There are large differences in load/store performance across implementations. On Apple Silicon for example the M1 Max a single core can stream about 100GB/s all by itself. This is a significant advantage over competing designs that are built to hit that kind of memory bandwidth only with all-cores workloads. For example five generations of Intel Xeon processors, from Sandybridge through Skylake, were built to achieve about 20GB/s streams from a single core. That is one reason why the M1 was so exceptional at the time it was released. The 1T memory performance is much better than what you get from everyone else.

As far as claims of the M1 Max having > 400GB/s of memory bandwidth, this isn't achievable from CPUs alone. You need all CPUs and GPUs running full tilt to hit that limit. In practice you can hit maybe 250GB/s from CPUs if you bring them all to bear, including the efficiency cores. This is still extremely good performance.

majke 7 months ago | parent [-]

I don't think single M1 cpu can do 100GB/s. This source says 68GB/s peak: https://www.anandtech.com/show/16252/mac-mini-apple-m1-teste...

jeffbee 7 months ago | parent | next [-]

That's the plain M1. The Max can do a bit more. Same site since you favor it: https://www.anandtech.com/show/17024/apple-m1-max-performanc...

majke 7 months ago | parent [-]

> From a single core perspective, meaning from a single software thread, things are quite impressive for the chip, as it’s able to stress the memory fabric to up to 102GB/s. This is extremely impressive and outperforms any other design in the industry by multiple factors, we had already noted that the M1 chip was able to fully saturate its memory bandwidth with a single core and that the bottleneck had been on the DRAM itself. On the M1 Max, it seems that we’re hitting the limit of what a core can do – or more precisely, a limit to what the CPU cluster can do.

Wow

wizzard0 7 months ago | parent | prev [-]

btw what's about as important is that in practice you don't need to write super clever code to do that, these 68GB/s are easy to reach with textbook code without any cleverness

zamadatix 7 months ago | parent [-]

68 Gbps of memory read/write can be easily reached (assuming the memory bandwidth is there to reach it with) on any current architecture by running a basic loop adding 64 bit scalars.

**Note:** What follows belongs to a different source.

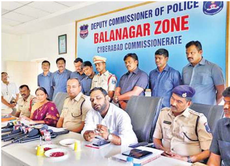
Police announcing the busting of spurious seeds racket in Hyderabad on Saturday

The last date for online submission of applications for entrance based regular Post Graduate, PhD and other courses at MANUU is June 1, 2022. Admissions are open for various Post Graduate, certificate and diploma courses too.

What could be even less clever than that?

namibj 7 months ago | parent [-]

Needs to be more than one accumulator.

zamadatix 7 months ago | parent [-]

I mean:

  const uint64_t size = // Some large value
  uint64_t a[size] = // Some random values
  uint64_t b[size] = // Some random values
  uint64_t c[size] = {0};

  uint64_t i = 0;
  while(i < size) {
    c[i] = a[i] + b[i];
  }

  // Disable all optimizations so the above isn't optimized away/vectorized
That's the world's simplest loop with 16 bytes of memory read per loop so even if your core is a piece of crap that averages a single increment and addition per cycle it just needs to run at ~4.3 GHz to still pass the bar anyways. Running this code on my MacBook and my x86 desktop with compiler optimizations off I'm not seeing either fail to reach 64 GB/s.